Processing time for a HELOC can be as short as 30 days. Because the crux of qualification is the amount of equity you have in your home, it’s quite possible to qualify for a HELOC at the same time you make your original home purchase. Lenders will use the 30-45 days to determine that you meet the basic loan criteria like income, debt-to-income ratio, equity, credit scores, and employment history. You’ll need to have about 20 percent equity in your home in order to qualify, but as noted above, it only takes HELOC lenders a few weeks to verify the other criteria, so you can be approved in under 30 days if all goes well.

Home Equity Loans

Applications for home equity loans can also be processed quite quickly, often in less than four weeks. Borrowers can speed the process along by gathering all the relevant documents and having them ready before they meet with lenders. What will you need? Common items a lender will request include deeds, proof of income, a recent mortgage statement that shows how much you currently own on the property, a list of other debts, a property tax assessment, at least two years of prior years’ tax returns, and verification of any income that’s not shown on the pay stubs.

In order to gather all these items, you might need a couple of weeks. After that, the underwriting agent will go through each document and verify the data before approving the loan. As is the case with HELOCs, you’ll need to meet the basic criteria of the lender, which can include credit score minimums, employment history, income thresholds, equity amounts and debt-to-income ratios.

The bottom line for both the HELOC and home equity loan applicant is this: as long as you meet the basic requirements and have the necessary documents ready to go, it’s common for a loan approval to take about one month.

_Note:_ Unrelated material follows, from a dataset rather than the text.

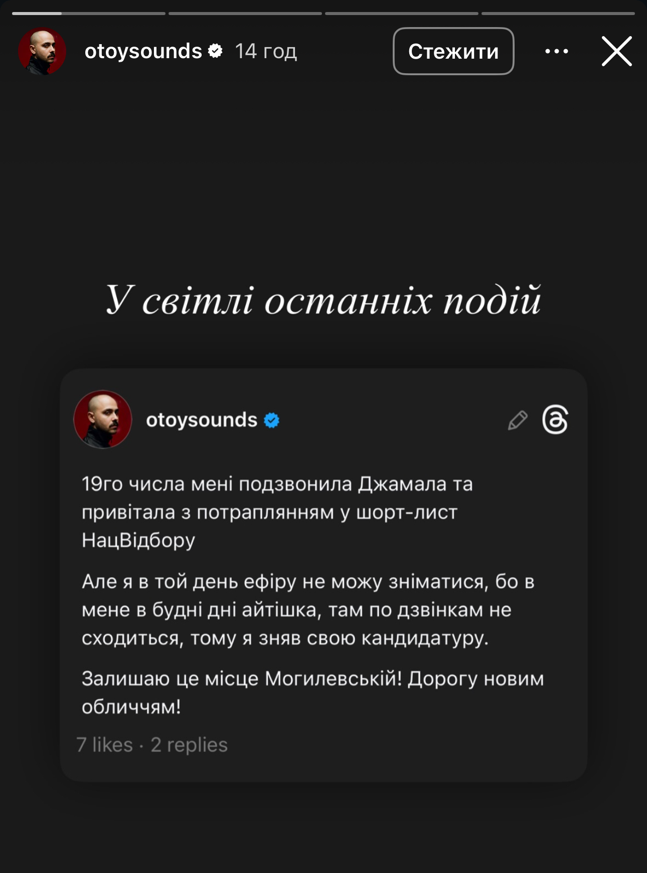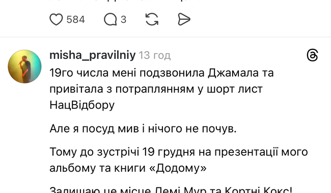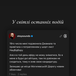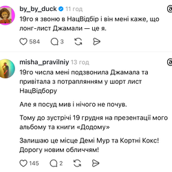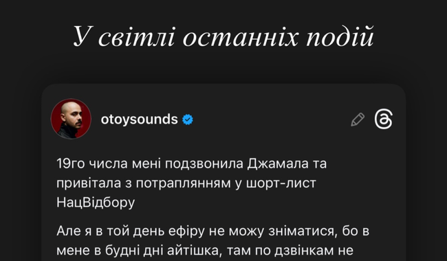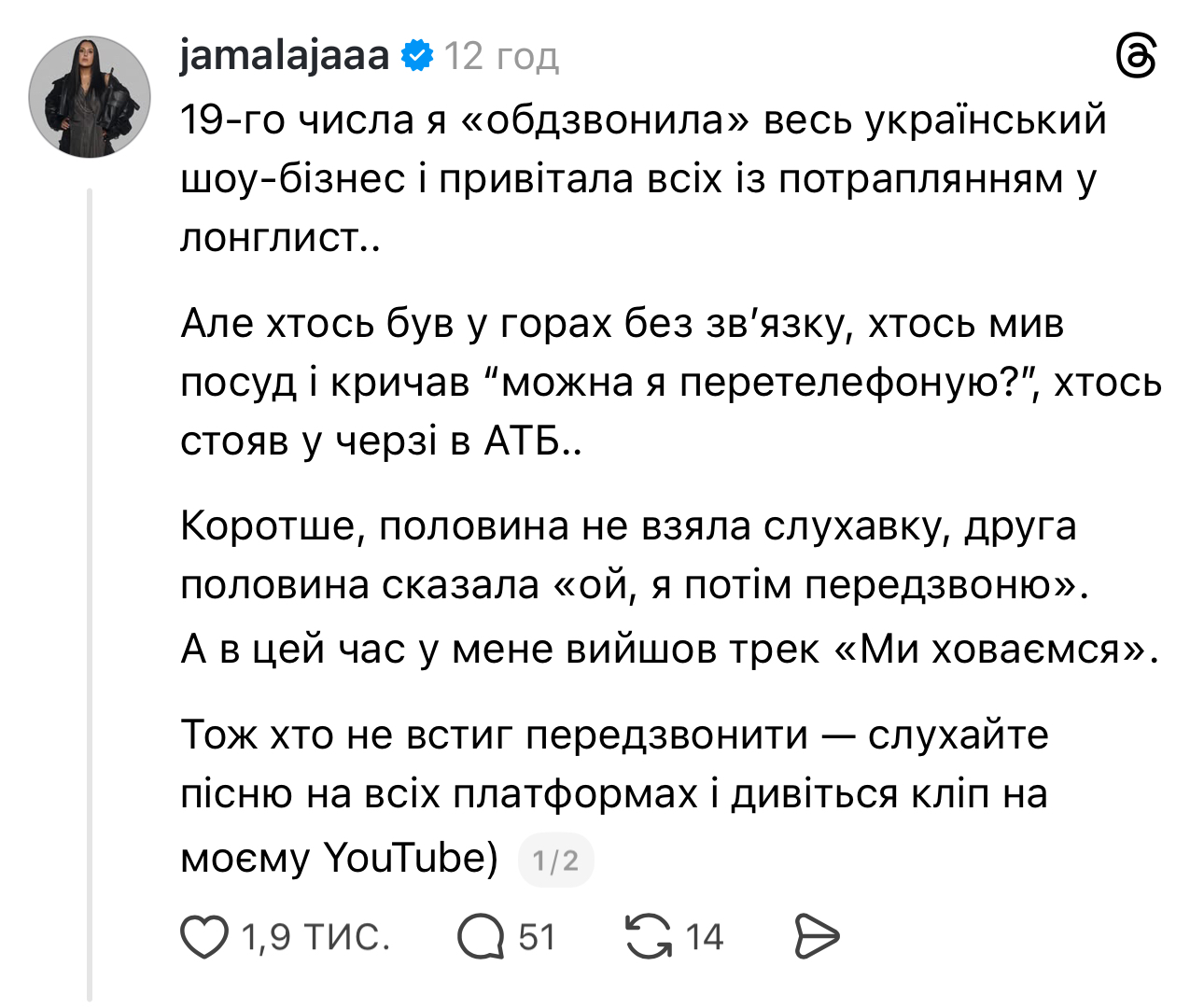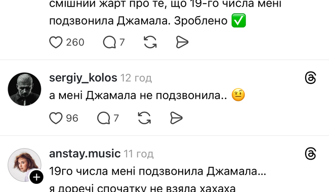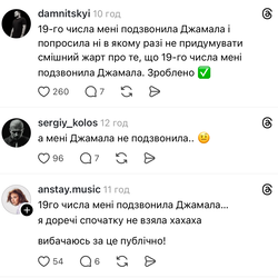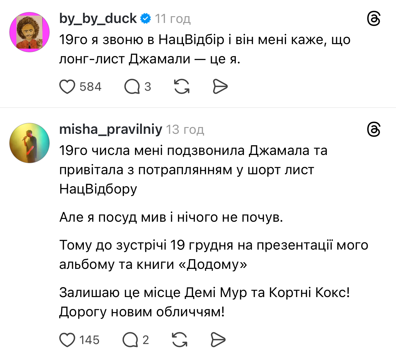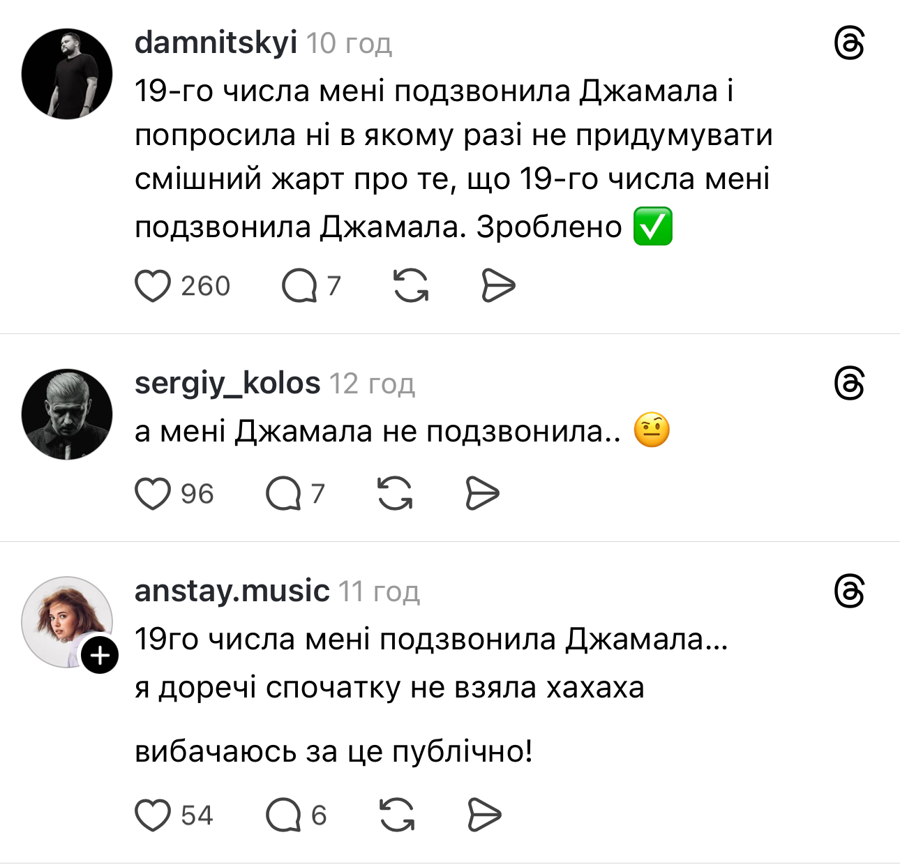 Пост певца Melovin о том, что 19 ноября ему позвонила Джамала и поздравила с попаданием в лонглист Нацотбора, породила кучу мемов и даже запустила флешмоб. Коллеги начали пародировать его сообщение. Otoy, Марина Krutь, Абие, Василий Байдак, Шугар, Миша Правильный и другие в шутливой манере утверждают, что им тоже 19-го звонила Джамала.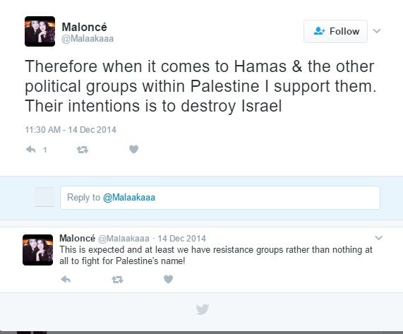 On December 20, 2014, Abdelqader tweeted: "We will get our country back and when we do those zionists will get what they deserve...."

Key Differences Between HELOCs and Home Equity Loans

HELOCs are like credit cards because there is no lump-sum payment to the borrower, as is the case with home equity loans. And HELOCs come with variable interest rates while traditional home equity loans offer fixed-rate financing. Finally, full interest-plus-principal payments begin immediately with a home equity loan. HELOC borrowers can often make smaller, or interest-only payments, during the initial draw period on their loan. Home equity loans are inflexible in terms of interest rates and amounts borrowed but HELOCs allow variable interest and variable borrowing amounts up to the draw limit.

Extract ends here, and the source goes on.